Claude Lévi-Strauss : 'La Pensée Sauvage'

Anthropologist Claude Lévi-Strauss: dead at 100.

Anthropologist Claude Lévi-Strauss:
Making sense of la pensée sauvage

By Carl R. Hultberg / The Rag Blog / November 4, 2009

In French sauvage means wild, not necessarily savage. In our language savage means aggressive, a value judgment left over from centuries of exterminations.

Heathens, savages, primitive people, natives. All these words describe a certain section of humanity, but they all mean something different. If confusion about our ancestral past is the price we pay to be modern, then so called “primitive man” will always be a source of much uneasiness. After the period when natives must be displaced and killed off, what do we derive from our relationship with them? Do we try in sad little ways to imitate their rituals at Boy Scout camp or on a football team?

For years the details of primitive people’s lives were catalogued by observers, anthropologists. But it wasn’t until the 1950s that one of these anthropologists, a Frenchman working for the Rockefeller Foundation, began to draw parallels from all the studies that had been made worldwide.

Claude Lévi-Strauss in the Brazilian Amazon, 1936. Photo by Apic / Getty Images.

To Claude Lévi-Strauss, the mind of the “primitive” was not a disorganized collection of confused myths and superstitions, but was in its own way searching for objective reality like all the rest of us.
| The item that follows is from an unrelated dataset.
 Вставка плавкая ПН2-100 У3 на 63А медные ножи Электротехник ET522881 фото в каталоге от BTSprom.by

And the vast collection of mythology collected around the world from these types of populations could be catalogued and searched over for commonalities.
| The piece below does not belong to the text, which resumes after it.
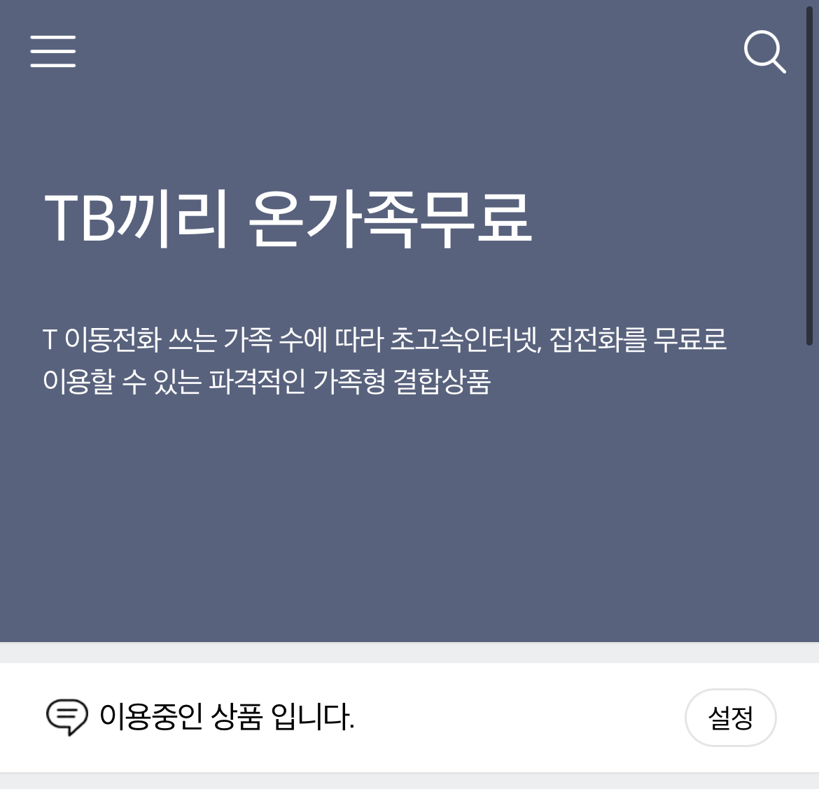 "온가족무료" 결합상품이라면 SKT를 사용 중이실텐데

Lévi-Strauss himself did some of this pattern work, creating a new school of Western thought known as structuralism. Of course what structuralism points back to is what certain philosophers, psychologists, and poets have claimed all along: the existence of a universal human element, an originating unified matriarchy, one source and one basic pattern for all disparate human myths.

What Claude Lévi-Strauss succeeded in doing was bringing anthropology as a science to the brink of being able to understand human origins. The fact that he himself backed off before embracing the full Rousseau (Noble Savage), the absolute Carl Jung (Universal Unconscious) or the mother of all mythbreakers, Robert Graves (White Goddess), tells you right away he went too far. Two steps further and Levi-Strauss would have been back in alchemy land.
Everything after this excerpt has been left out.